A coisa ficou pior depois que Bolsonaro, numa livre gravada na tarde de segunda-feira enquanto
cortava o cabelo, apresentou uma versão dos fatos
que colide frontalmente com a da Comissão
da Verdade. Na manhã de ontem, após um café da manhã no Alvorada com Rodrigo Maia, o presidente se dirigiu
aos jornalistas nos seguintes termos: “Vocês acreditam em Comissão da Verdade? Qual foi a composição da
comissão da verdade, foram 7 pessoas indicadas por quem? Pela Dilma”. Questionado
sobre a ação no STF iniciada por Santa Cruz, o presidente disse que é
“direito dele”. E Falou ainda que não tem documentos que embasem o que comentou
na última segunda feira: “O que eu sei é
o que eu falei pra vocês. Não tem nada escrito, que foi isso ou foi aquilo… Meu
sentimento era esse. Agora, você pode ver, a OAB não quer que se chegue aos
mandantes da tentativa de homicídio minha”.
Dias antes, ao se manifestar sobre a portaria nº 666 do Ministério
da Justiça e Segurança Pública — segundo a qual indivíduos envolvidos em atos
de terrorismo, associação criminosa armada que tenha armas à disposição,
tráfico de drogas, pessoas ou armas de fogo, pornografia ou exploração sexual
infanto-juvenil e até torcidas de futebol com histórico de violência em estádios
podem ser sumariamente deportadas —, o presidente negou que fosse algum tipo de
retaliação, até porque a medida não atinge o criador do site panfletário
proselitista The Intercept Brasil,
mas, ainda segundo o presidente, Greenwald
poderia “pegar uma cana aqui mesmo”.
A conclusão é uma só: diga Bolsonaro o que disser, sempre haverá polêmica.
Sobre a Vaza-Jato,
a atuação espúria do site panfletário e seus associados, que vêm divulgando a
conta-gotas supostos diálogos mantidos entre Moro e Dallagnol, e
entre este e outros procuradores da Lava-Jato,
salta aos olhos tratar-se de uma edição claramente tendenciosa, repleta de
ilações feitas a partir de trechos retirados do contexto com o nítido propósito
de anular processos e ajudar a libertar o picareta dos picaretas.

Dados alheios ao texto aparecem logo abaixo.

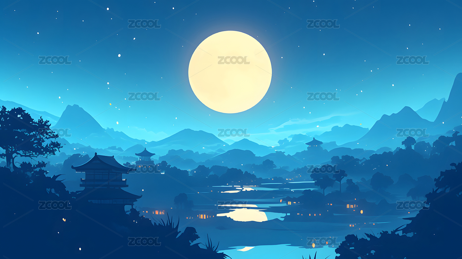中秋节圆月风景背景插画

Lamentavelmente, alguns juristas se respaldam na hermenêutica para agregar à
previsão constitucional que garante aos jornalistas o direito de preservar suas
fontes o condão de acobertar criminosos. Mas num país em que 7% da população (cerca
de 15 milhões e brasileiros) acreditam que a terra é plana, não se poderia
mesmo esperar que o exercício intelectual fosse o esporte nacional.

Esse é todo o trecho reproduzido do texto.